#### [Data extract]
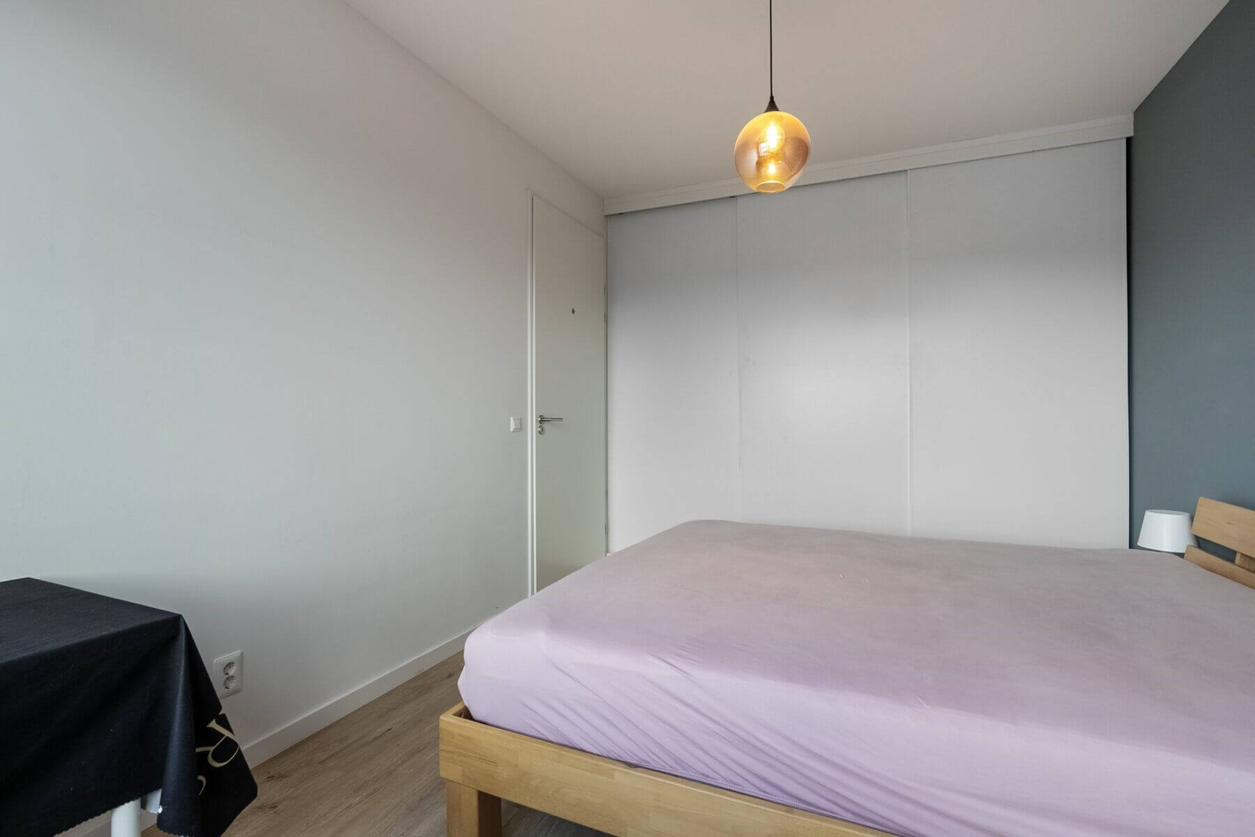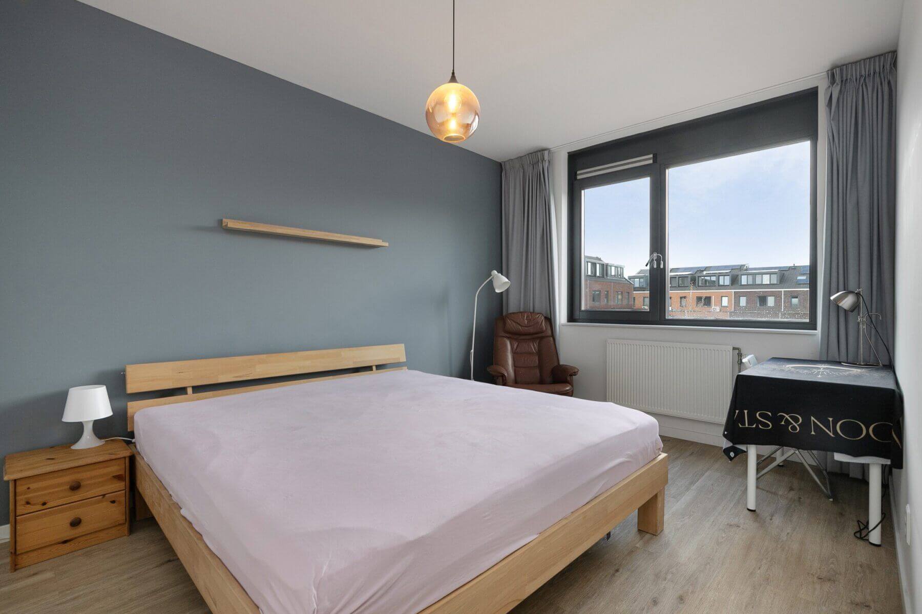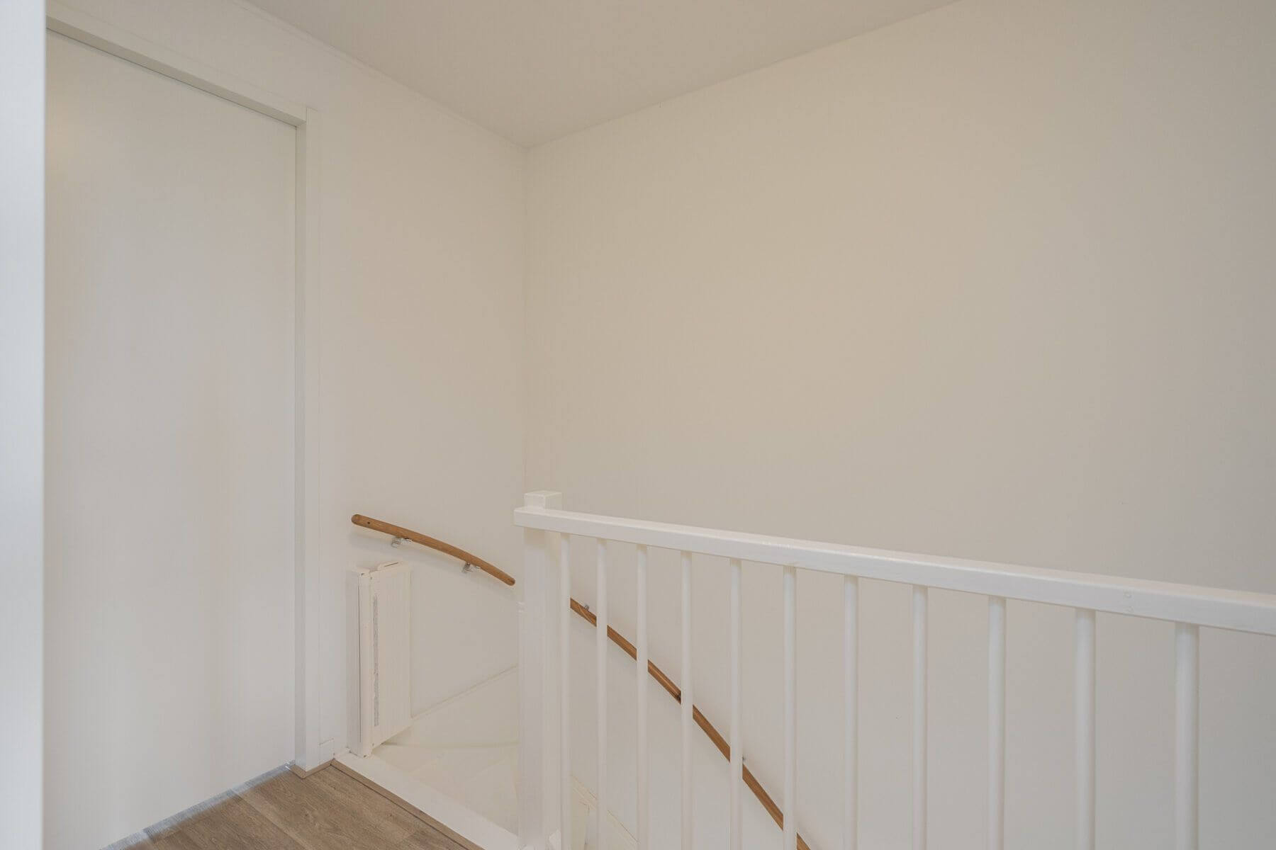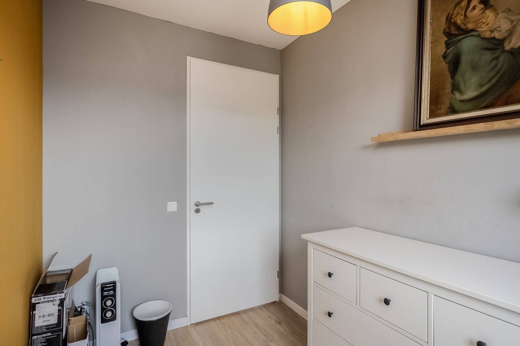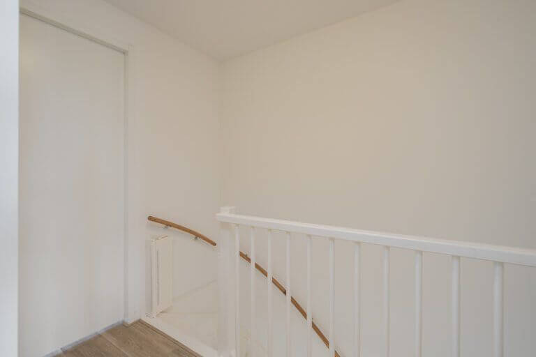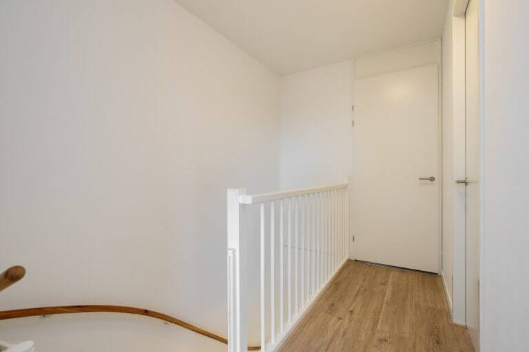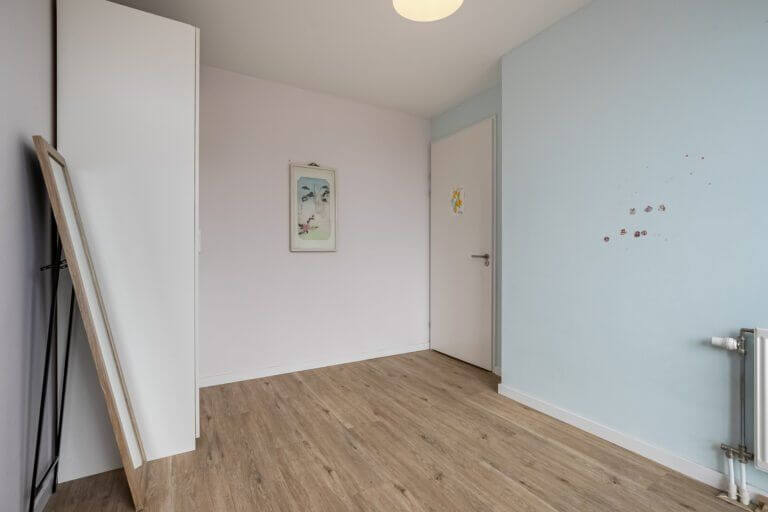 Alle wanden hebben een strakke wandafwerking. Op de vloer ligt een lichte houtstructuur laminaat met vloerverwarming.
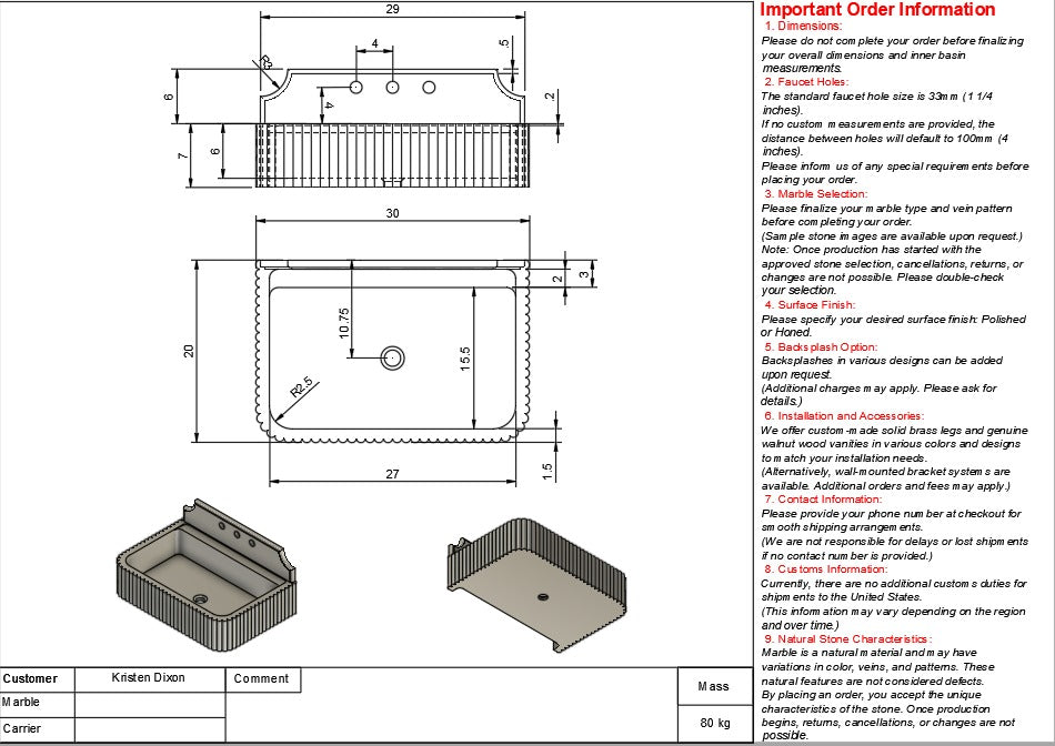 fluted apron sink with an integrated backsplash, in Calacatta Viola marbl
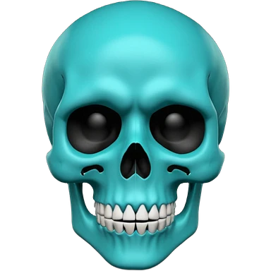 Generate a gothic style emoji of a skull face, in teal turquoise scheme. 3D render emoji
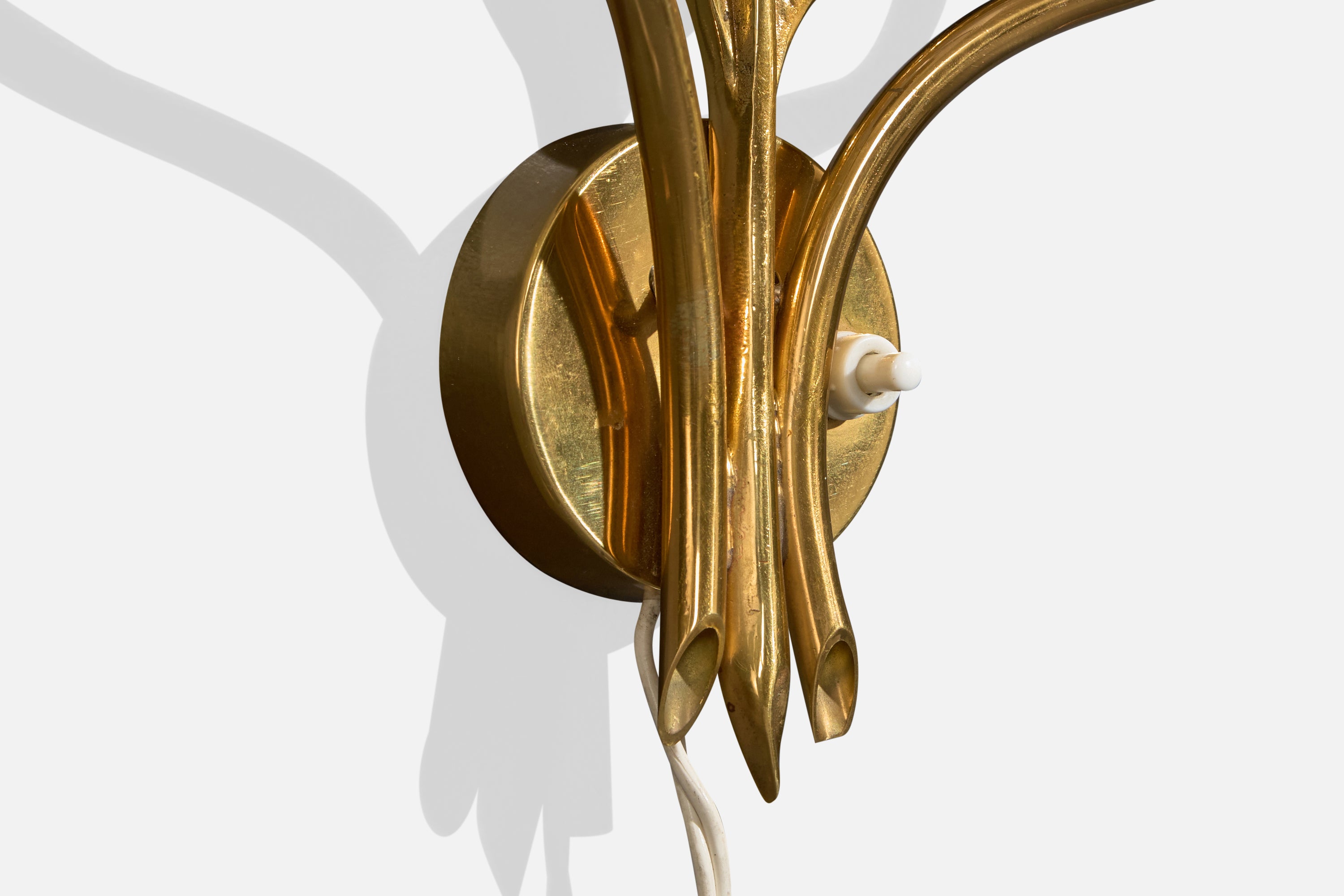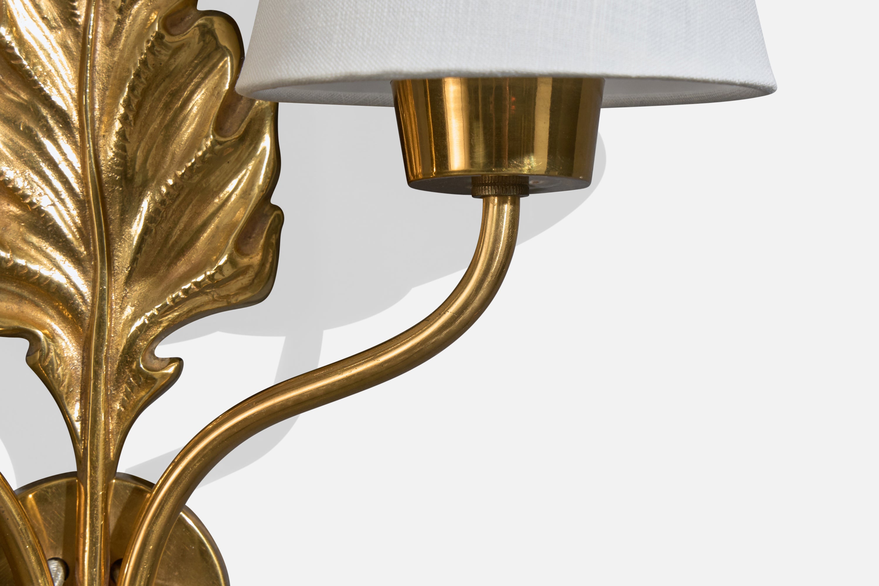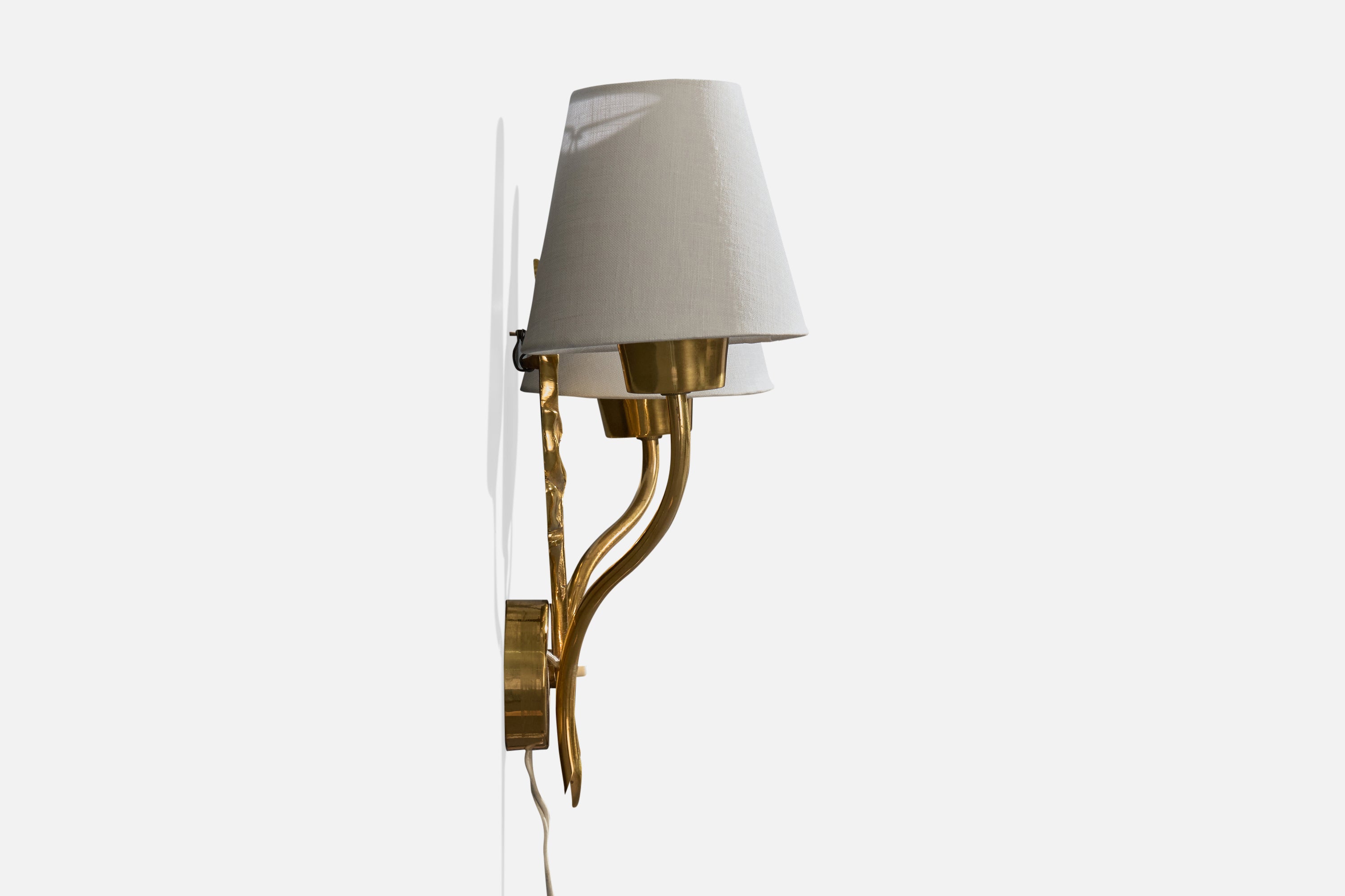 Swedish Designer, Wall Light, Brass, Fabric, Sweden, 1950s

#### [Exercise]
What you give back must match the material word for word, with no images included.

#### [Reply to the task]
 Alle wanden hebben een strakke wandafwerking. Op de vloer ligt een lichte houtstructuur laminaat met vloerverwarming.
 fluted apron sink with an integrated backsplash, in Calacatta Viola marbl
 Generate a gothic style emoji of a skull face, in teal turquoise scheme. 3D render emoji
 Swedish Designer, Wall Light, Brass, Fabric, Sweden, 1950s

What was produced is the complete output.